Applying API observability to improve developer experience

Subscribe to our Blog

Get the Latest News and Content

How applying API observability based on instrumented data helps developers debug issues faster and boost productivity when building distributed applications.

 

APIs provide a way to simplify development, reduce costs, and create more flexible and scalable applications. Much of today’s development relies on APIs – in the integration of third-party services, in the communication between microservices, in mobile app development, and in other use cases. Some APIs even exist as products themselves for customers to use. However, as with other components in distributed architectures, it’s often hard to have control and visibility over all your APIs across all microservices, and understand where they are used and how. Helios improves the developer experience by providing API observability and troubleshooting tools based on actual (instrumented) data, giving you visibility into your API inventory, specs & runs and helping you identify and debug issues instantly. In this blog post I share my experience as a developer at Helios using API observability features in the Helios platform to monitor and troubleshoot our own application, and to deliver a more reliable and high-performing product to our customers.

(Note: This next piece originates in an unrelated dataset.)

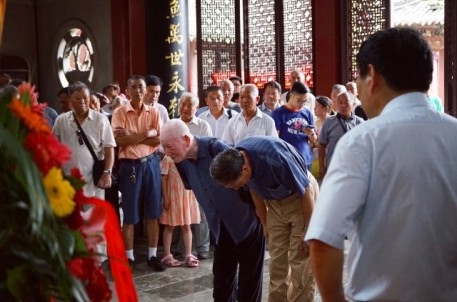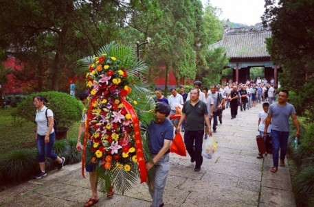 农历六月初六,是古代治水英雄,华夏人文始祖—大禹诞辰纪念日。 来自姒族守陵村村民和各地的大禹后裔代表齐聚大禹陵,隆重举行2016大禹诞辰民间祭祀活动。上午9时18分,在鞭炮声中,百余人着正装,抬着牛、羊、猪头,五谷杂粮,水果等祭品,从守陵村出发,手举姒族祭禹旗帜,浩浩荡荡前往大禹陵禹庙大殿祭祀。9 时50分,祭祀活动正式开始。全体肃立、鸣礼炮、敬献祭品、敬献花篮、绍兴市姒族研究会会长、大禹第143代孙姒茂利诵读祭文,后裔族人姒姓、夏姓、鲍姓、禹姓、娄姓代表先后向大禹像鞠躬、敬香,代表全体大禹后裔向祖先行礼,以祈求来年风调雨顺,五谷丰登。现年86岁的鲍姓代表激动地说:“每年六月初六,我们都要自发组织祭祀大禹活动,整个场面庄严隆重。大禹是我们的保护神,老百姓纪念他,一来表达我们对大禹的崇敬和缅怀之情,二来祈求来年风调雨顺。”

Specifically, I will cover how we apply API observability in Helios to save time and increase developer productivity in the following ways:

  1. Using an auto-generated API catalog, enabling discovery of the entire API inventory used by an application
  2. Using API overview and spec tools, providing access to API documentation and performance as calculated automatically based on instrumented API calls
  3. API troubleshooting, allowing immediate access to different kinds of API errors and failures – including the full E2E context coming from distributed tracing and context propagation

 

Auto-generated API catalog

In the Helios platform, we created a tab called APIs which shows you an auto-generated API catalog. This is based on data received from the instrumentation of your microservices in action, rather than from a developer’s (static) documentation of the APIs. Often, developers or architects aren’t aware of all the APIs that exist in an application over time, whether used internally or even customer-facing. Dev leads, architects, QA teams, DevOps teams and of course developers need to know what APIs exist, how they are used and how they can be extended. Based on service instrumentation, you can see what’s happening with your API inventory on the ground: what APIs are used, how frequently, by what entities, and according to what specification. Helios leverages OpenTelemetry (OTel), an open-source collection of tools, APIs, and SDKs for creating and gathering telemetry data, for data instrumentation. The core benefit of Helios’ visibility into your API catalog is that it’s driven by what is actually happening; on top of that you can take actions for faster turnaround times.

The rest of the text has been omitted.